Insentif tambahan ini untuk mengurangi beban pembangunan infrastruktur tambahan seperti penyediaan tempat penyimpanan hingga pipa distribusi. Selain itu, pemberian insentif juga dimaksudkan untuk menutup biaya pencampuran atau blending refining.
Direktur Utama PT Pertamina, Nicke Widyawati mengatakan, infrastruktur kilang Pertamina hanya mampu mengolah campuran biodiesel maksimal 30% dari fatty acid methyl ester atau FAME palm oil menjadi komposisi bahan bakar solar. Di sisi lain, B35 berimplikasi pada peningkatan FAME sebesar 1,4 juta kiloliter (kl).
“Kalau ditambah B35 dan B40, tentu kita perlu tambahan storage, kemudian pipanya juga diperbesar. Artinya kita harus membangun infrastruktur tambahan,” ujar Nicke dalam Rapat Dengar Pendapat (RDP) dengan Komisi VII DPR, Selasa ( 7/7). 2).
Nicke menambahkan, selama ini Pertamina belum mendapatkan insentif dari implementasi biodiesel, terutama dalam implementasi program B30 dan B35. Insentif dalam program biodiesel hanya diterima oleh pengusaha FAME ketika ada selisih harga antara harga FAME dan solar.
Selisih harga dibayar oleh Badan Pengelola Dana Perkebunan Kelapa Sawit (BPDPKS). “Pertamina beli FAME dengan harga maksimal solar. Kami butuh insentif baru karena dari yang sudah ada belum dapat apa-apa,” kata Nicke.
Program wajib B35 mulai diterapkan secara bertahap sejak awal tahun ini. Tahap pertama telah dilakukan sejak Februari di empat wilayah operasi Pertamina.

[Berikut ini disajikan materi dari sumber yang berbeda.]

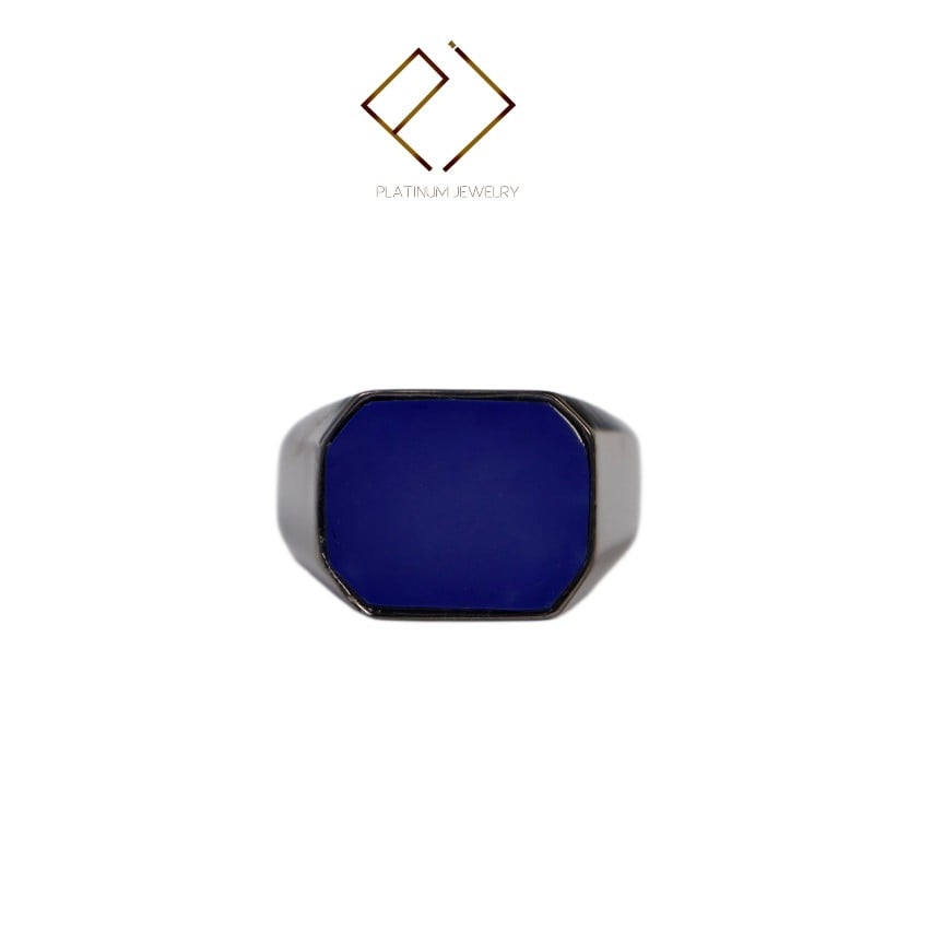 خاتم مربع فضة عيار 925 و حجر عقيق طبيعي
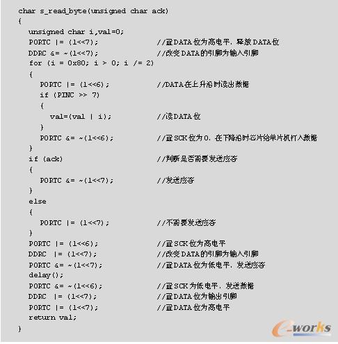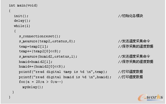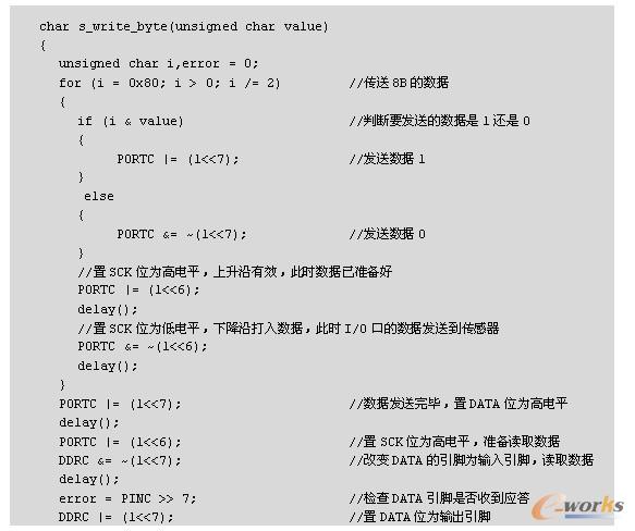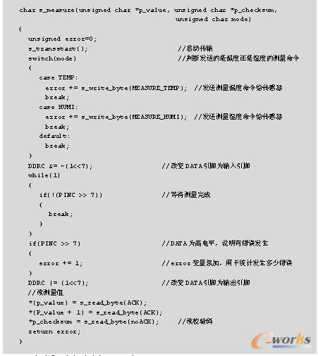 温湿度测量的过程如下:单片机发布一组测量命令后(“00000101”表示测量相对湿度,“00000011”表示测量温度),传感器开始采集数据。对应8/12/14bit 3种不同的测量,这个过程分别需要大约20/80/320ms。SHT10通过下拉DATA至低电平并进入空闲模式,表示测量的结束。单片机在触发SCK时钟来读出数据前,必须等待这个“数据备妥”信号。检测数据可以先被存储,这样单片机可以继续执行其他任务,在需要时再读出数据。在收到“数据备妥”信号之后,传输2B的测量数据和1B的CRC奇偶校验。单片机需要通过下拉DATA为低电平,以确认每字节。在测量和通信结束后,SHT10自动转入休眠模式。温湿度测量的相关代码如下:

Empat wilayah tersebut adalah wilayah I Sumatera Utara, wilayah II Sumatera Selatan, wilayah VIII Maluku, Maluku Utara, Papua, dan sebagian wilayah V Bali dan Nusa Tenggara.
Selanjutnya periode atau pemekaran kedua akan dimulai pada bulan Agustus di wilayah III Jawa Barat, wilayah IV Jawa Tengah, wilayah VII Sulawesi Selatan dan sebagian wilayah V Jawa Timur dan Madura. Kesenjangan enam bulan dimaksudkan untuk melakukan penyesuaian infrastruktur.